#### ABOUT THIS EXERCISE:
Write out the records below from the first line through the line containing "前期选择圣剑(Excalib", leaving out any pictures.

Entries taken from a collection
BEGIN

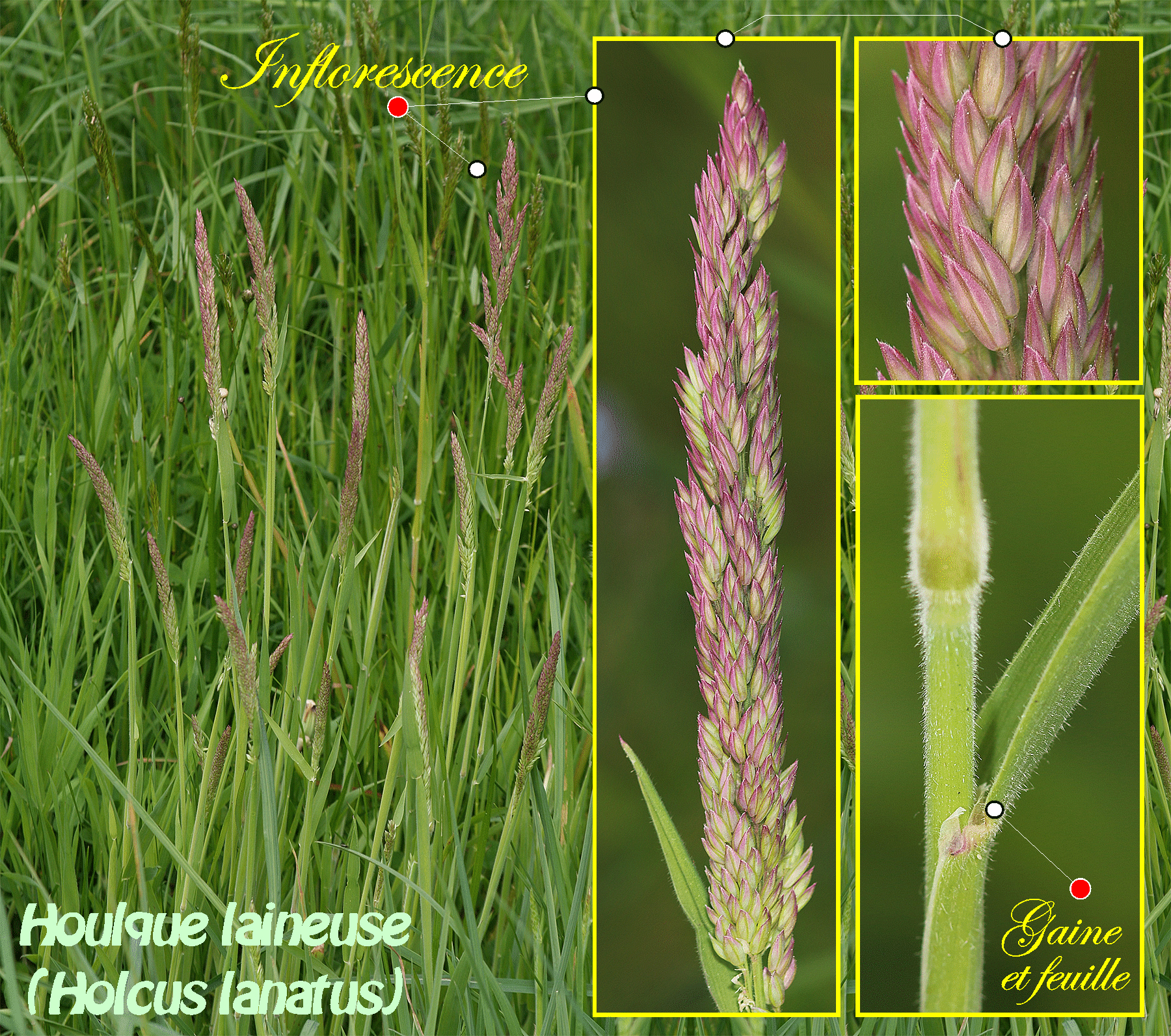 Holcus lanatus : Houlque laineuse, famille des poacée
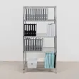Estanterías en acabado cromado y pintura epoxi negra, ideal para el almacenaje en comercios, oficinas, hospitales y hogares.
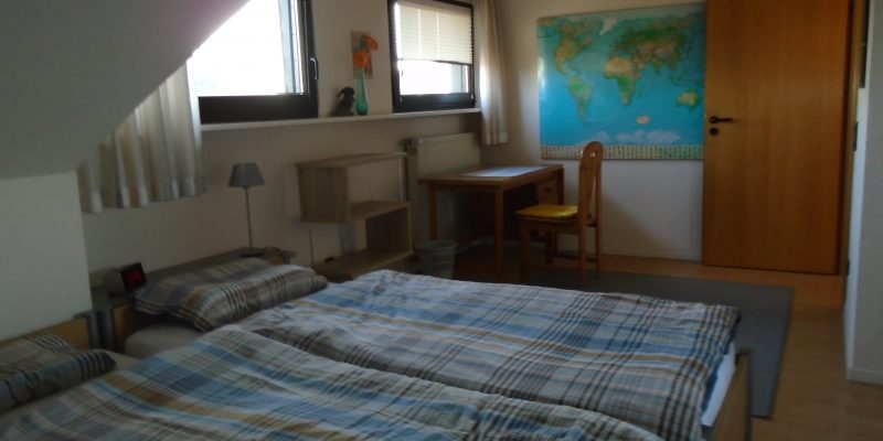- Schlafzimmer mit Doppelbett und Schreibtisch
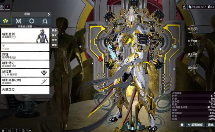 前期选择圣剑(Excalibur)作为初始战甲是最为稳妥和高效的选择。这款战甲以其均衡的属性和直观易用的技能组合著称,能帮助你快速熟悉游戏的基本操作与战斗逻辑。圣剑擅长近战攻击,拥有位移、控制和范围伤害等多种能力,其终极技能显赫刀剑能召唤光剑进行高频率的剑气攻击,清场效率非常出色。这种全面性意味着你在游戏早中期面对绝大多数任务时都不会感到吃力,无需复杂的配置就能有稳定的发挥,是开荒阶段最值得依赖的伙伴。
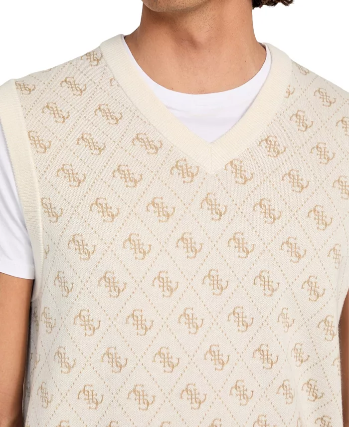 Свитер Horace 4G с жаккардовым узором Quattro G по всей поверхности, без рукавов, V-образным вырезом, стандартной длиной, стандартным кроем, треугольным нашивкой с логотипом Guess на левой стороне груди, ребристой трикотажной отделкой по нижней полосе, V-образным вырезом и проймами.
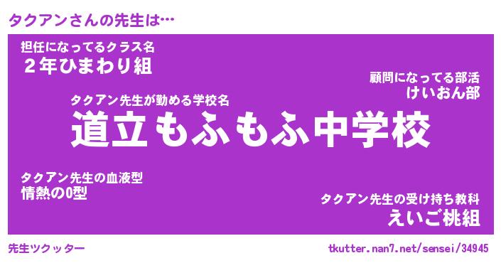 | 意味不明あだ名 | 『ペロリンタクアン』『永久保存タクアン』 |

END

#### RESPONSE TO THE TASK:
 Holcus lanatus : Houlque laineuse, famille des poacée
Estanterías en acabado cromado y pintura epoxi negra, ideal para el almacenaje en comercios, oficinas, hospitales y hogares.
- Schlafzimmer mit Doppelbett und Schreibtisch
 前期选择圣剑(Excalibur)作为初始战甲是最为稳妥和高效的选择。这款战甲以其均衡的属性和直观易用的技能组合著称,能帮助你快速熟悉游戏的基本操作与战斗逻辑。圣剑擅长近战攻击,拥有位移、控制和范围伤害等多种能力,其终极技能显赫刀剑能召唤光剑进行高频率的剑气攻击,清场效率非常出色。这种全面性意味着你在游戏早中期面对绝大多数任务时都不会感到吃力,无需复杂的配置就能有稳定的发挥,是开荒阶段最值得依赖的伙伴。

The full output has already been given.